Most of the existing works assume that the FC is configured with a single antenna. It is well-known that multiple antennas can effectively increase the throughput of a wireless link, and in this thesis, we investigate how to exploit the benefit of the multiple antennas in WSN, and we study the detection and estimation performance of a coherent amplify-and-forward WSN, in which the sensor node has single antenna and the FC is configured with a massive number of antennas. When the perfect channel state information (CSI) is available at FC, we derive optimal closed-form sensor transmission gains to optimize the performance of Neyman-Pearson (NP) detector and the linear minimum mean-squared error estimator (LMMSE), and if CSI is unknown at FC, we find the optimal sensor transmission gains to maximize the deflection coefficient of the energy detector (ED). Regarding the energy efficiency, our analysis show that the performance of NP detector and LMMSE estimator remain asymptotically constant if the sensor transmit power decreases proportionally with the increase in the number of antennas, and for the ED which does not require CSI, we show that a constant deflection can be asymptotically achieved if the sensor transmit power scales as the inverse square root of the number of FC antennas.
Additionally, we consider the problem of optimize the sensor phase to minimize the estimation error at FC, when the FC has a limited number of antennas.
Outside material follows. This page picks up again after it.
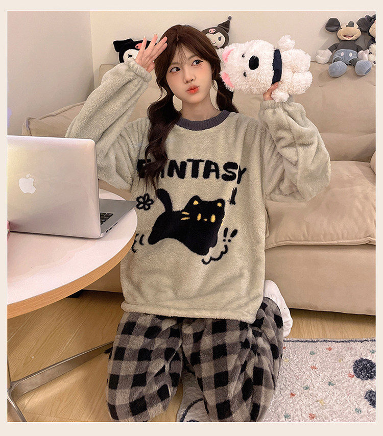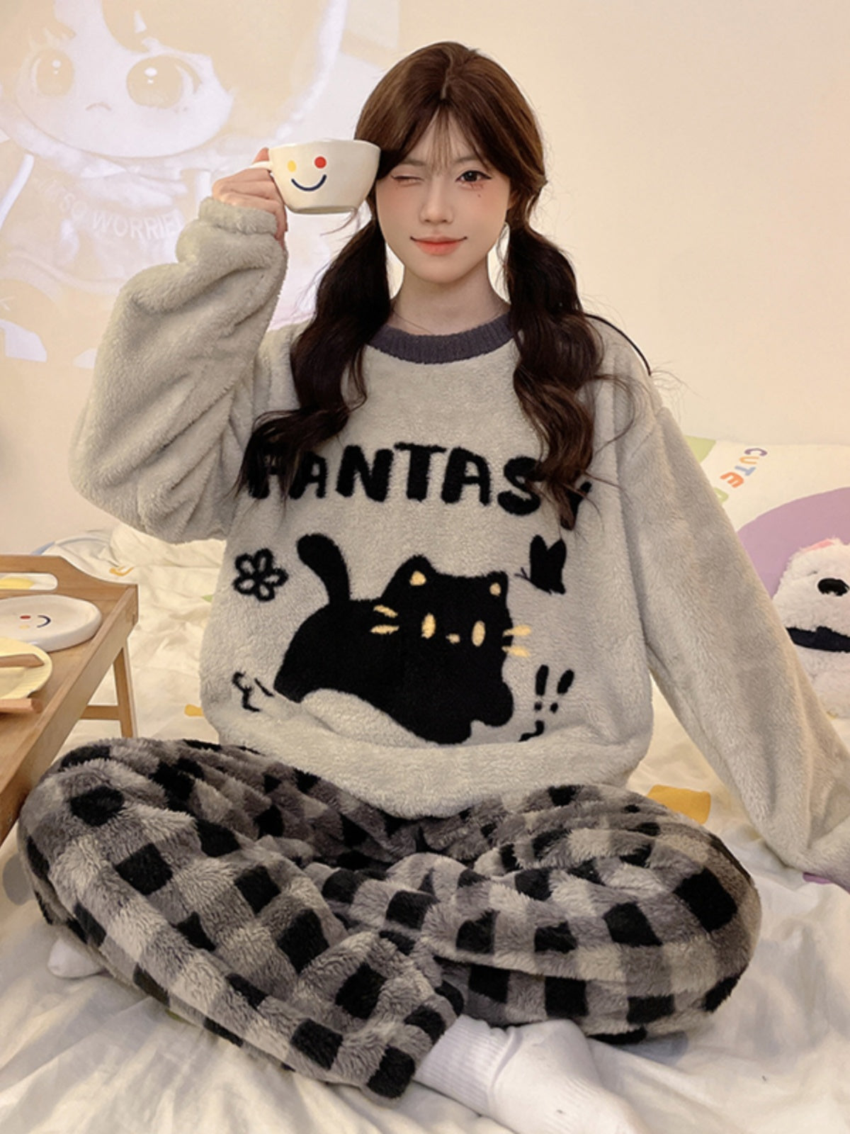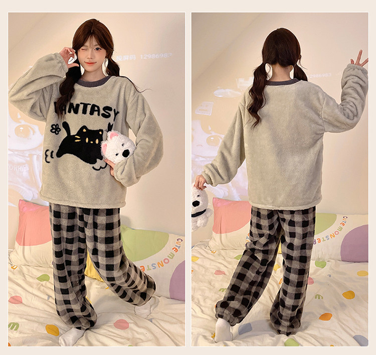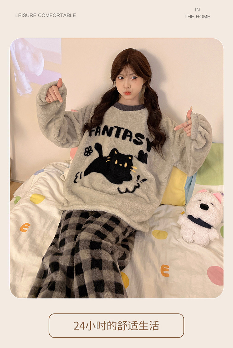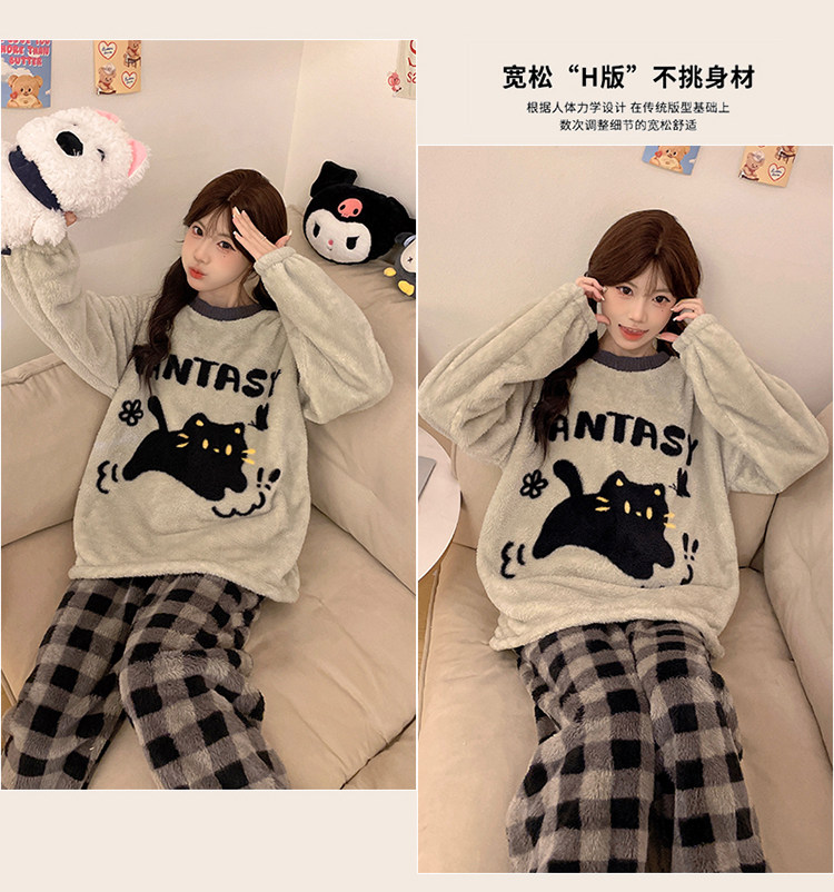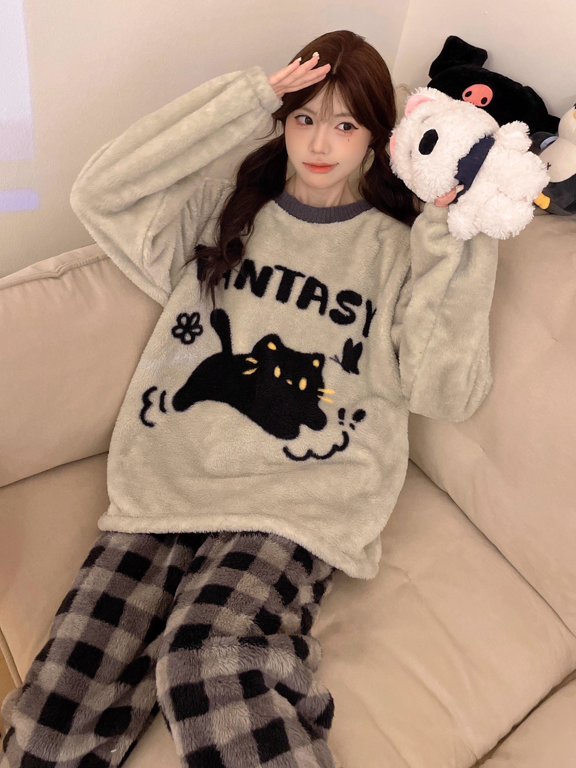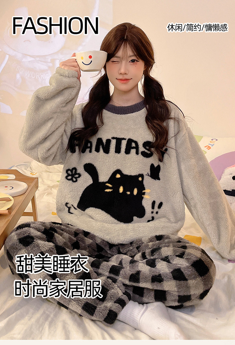 Cizgi filmi boz və qara pişik qış yeni mərcan yunlu pijama qadın yun astarlı və qalınlaşmış tələbə flanel ev geyimi xarici geyimlər

Two phase optimization algorithms are proposed and the sensor selection problem is formulated and solved. In addition to the case with multi-antenna FC, we also investigate the optimal power allocation for the WSN with single-antenna FC, when the FC use sensor measurements as input for a Kalman filter to track a dynamic parameter of interest.
When a fixed network infrastructure is not available (e.g. in military or disaster response scenarios), we investigate how to use the multi-antenna unmanned aerial vehicles (UAVs) as a relay to improve the connectivity between the mobile sensor nodes and the FC, which may be separated by a distances greater than their communication range. Several algorithms are proposed to optimize the trajectory of UAV.